Trade Deals Find Momentum in Congress

Free trade agreements with South Korea, Colombia and Panama – long delayed by an impasse between the Obama administration and congressional Republicans – finally are ready to move through Congress, with votes likely to come before Congress leaves for its August recess.

Senate Finance Committee Ranking Member Orin Hatch (R-Utah) stated the panel will begin its work on the three key trade deals as well as Trade Adjustment Assistance (TAA) funds for displaced workers beginning with a mock mark-up on Thursday.

Progress on the three pacts had been stalled since May, when the White House announced that it would not submit the deals for approval unless Congress agreed to move forward on a program to aid workers who lost their jobs due to outsourcing.

Hatch said that congressional negotiators have worked out a compromise that will include the renewal of expired trade programs including Trade Adjustment Assistance, the Generalized System of Preferences and the Andean Trade Promotion and Drug Eradication Act.

The TAA deal would allow for a renewal of retraining assistance for American workers who lose their jobs because of foreign competition. Republicans had objected to renewing the TAA program, arguing that it would do little to spur job creation and that it was not worth the cost at a time of record debt. The TAA will be included in legislation on the coveted trade deal with South Korea and the two other trade programs will be attached to the Colombia free trade agreement.
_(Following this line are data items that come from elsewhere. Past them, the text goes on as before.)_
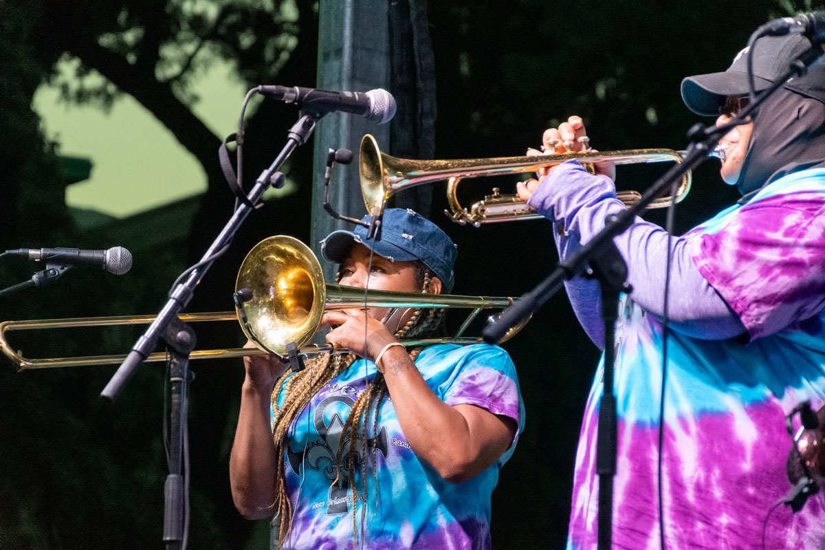 Trombonist Dionne Harrison and trumpet player Careese Williams of The Original Pinettes Brass Band play in sync during a vibrant set at the Iowa Arts Festival, Friday, June 6, 2025. — M.T. Bostic/Little Village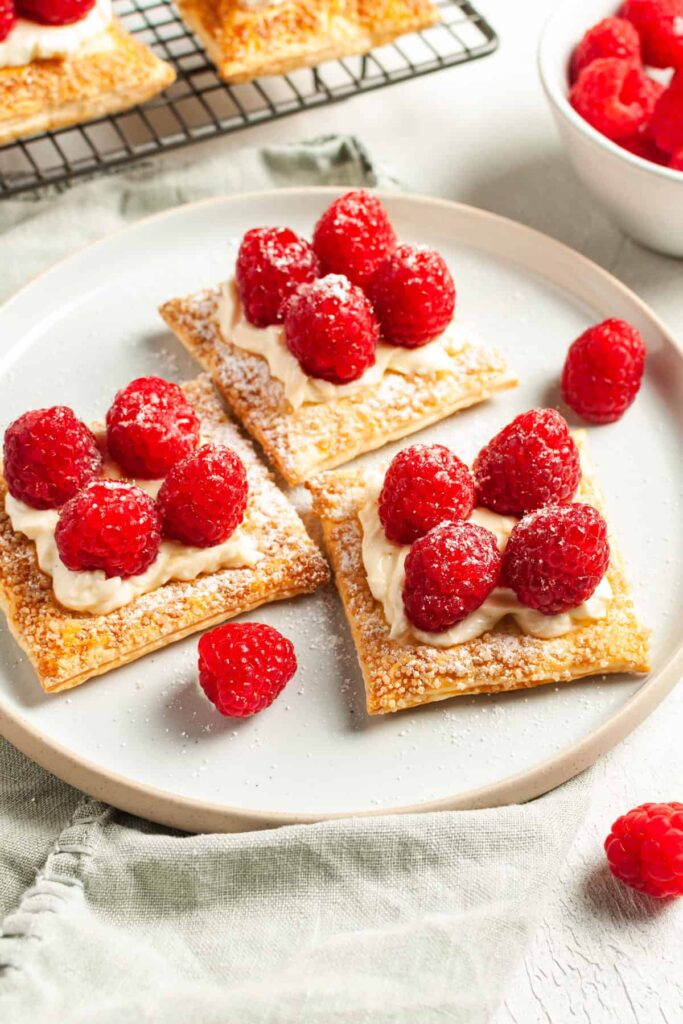 You’ll love these quick and delicious Raspberry Tartlets! Using store-bought puff pastry, each tart is filled with a creamy vanilla cream cheese mixture and topped with fresh, juicy raspberries. Perfectly bite-sized, these Mini Raspberry Tarts can be prepared in advance, making them an easy and impressive sweet treat that’s sure to become a favorite for brunch, dessert, or any gathering.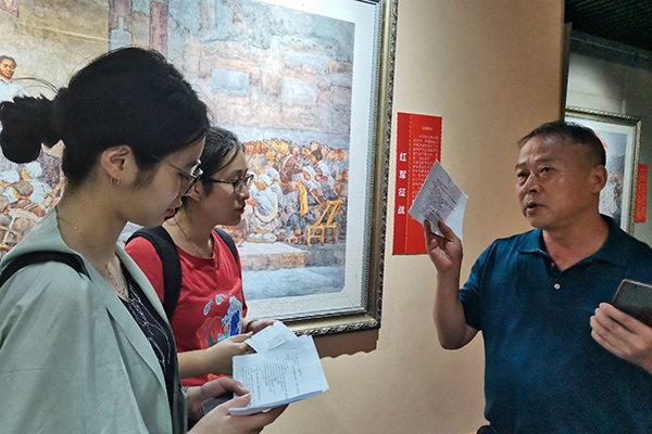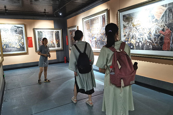 采访开始前,讲解员带领实践团成员参观了湖南红色美术纪念馆,重温红色岁月,感受湘南革命的艰难历程和重大贡献。讲解员向实践团成员介绍了的湖南红色美术纪念馆的创建历程,重点讲解了馆内与资兴红色革命有关的画作,丰富了成员们对资兴红色革命的认识。从纪念馆的画作中,实践队成员们了解到资兴独立团和资兴县苏维埃政府背后的红色故事。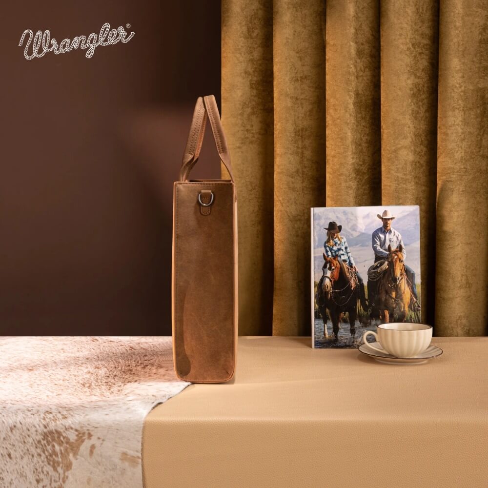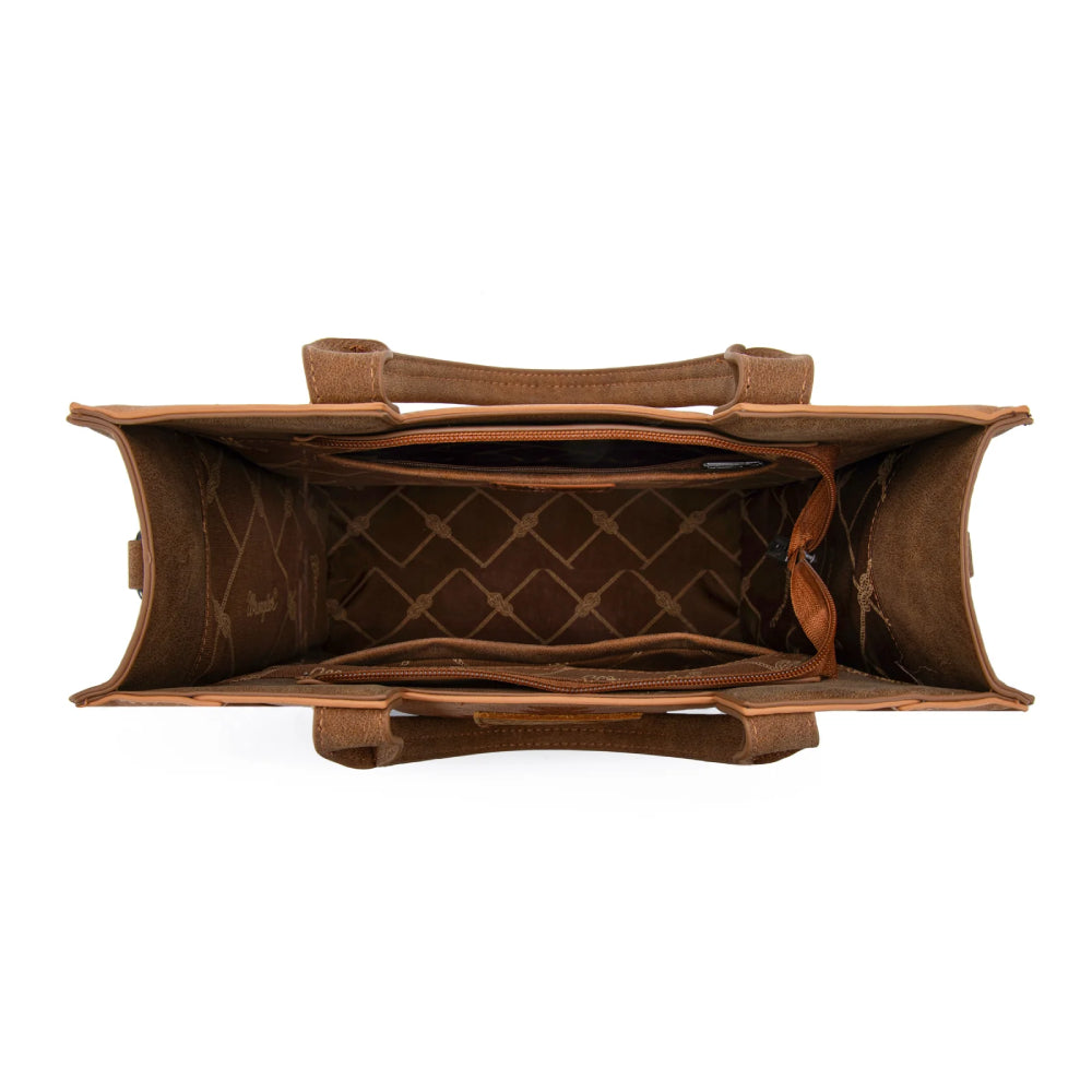 Essential Wrangler Womens Aztec Embroidered Tote Bag/Crossbody Brown.

The assistance program was expanded two years ago as part of Obama’s stimulus package to include aid for more displaced workers, but the expansion expired in February. Labor unions and some key Democratic lawmakers have demanded the expansion as a condition for supporting the trade deals.

The three trade deals were first negotiated under President George W. Bush in 2007. But the then-Democratic-led Congress never brought the agreements up for vote, giving the Obama administration time to renegotiate areas it found objectionable, including those elements related to labor and environmental rights.

President Obama frequently cites the three trade pacts as deals that would give a boost to the U.S. economy, in part by making overseas markets more widely available to American companies.

Two members instrumental in striking the deal to end the stalemate were House Ways and Means Committee Chairman Dave Camp (R-Mich.) and Senate Finance Committee Chairman Max Baucus (D-Mont.).

“These free trade agreements, together with Trade Adjustment Assistance, will boost our economy by billions of dollars and create new jobs and opportunities here at home,” Baucus said. “This proposal opens lucrative new markets to American ranchers, farmers and small businesses while ensuring U.S. workers have all the help they need to adapt and thrive in the 21st century global economy.”

This breakthrough paves the way for the Obama administration to submit the three agreements to Congress, formally beginning the process of ratifying the largest package of free trade agreements since Congress passed NAFTA in 1993. However, if the trade deals don’t get through Congress before its August recess, they may be doomed. The closer it gets to the 2012 elections, the less likely Democrats are to support the agreements.